● What is required:
Produce a word-for-word copy of the lines from the one that contains "天用设计:在定制地台的蒲团盘" to the final line of the data below, with all pictures dropped.

● Supplied data:
= = = = = = =
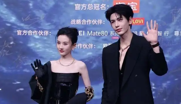 Zhang Linghe appeared in a tailored black couture suit, the structured silhouette highlighting his poised and composed image. Subtle jewelry accents added refinement without overpowering the minimalist aesthetic. Song Zuer, meanwhile, chose a fitted black gown complemented by understated diamond accessories, balancing elegance with a confident, radiant presence. Though unified in color, their distinct temperaments — cool restraint and vibrant sophistication — created a dynamic visual contrast.
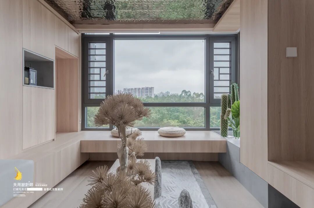 天用设计:在定制地台的蒲团盘腿坐下,看窗外葱葱郁郁的绿色,听空气中流动的风声,想自己的烦恼和快乐,何尝不是一件诗意的事呢?
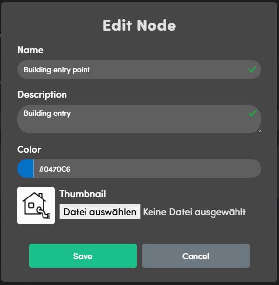 Each point requires a name, a description, color, and thumbnail. Existing point types can be edited by clicking on their name and editing its information.
= = = = = = =
● Written answer:
 天用设计:在定制地台的蒲团盘腿坐下,看窗外葱葱郁郁的绿色,听空气中流动的风声,想自己的烦恼和快乐,何尝不是一件诗意的事呢?
 Each point requires a name, a description, color, and thumbnail. Existing point types can be edited by clicking on their name and editing its information.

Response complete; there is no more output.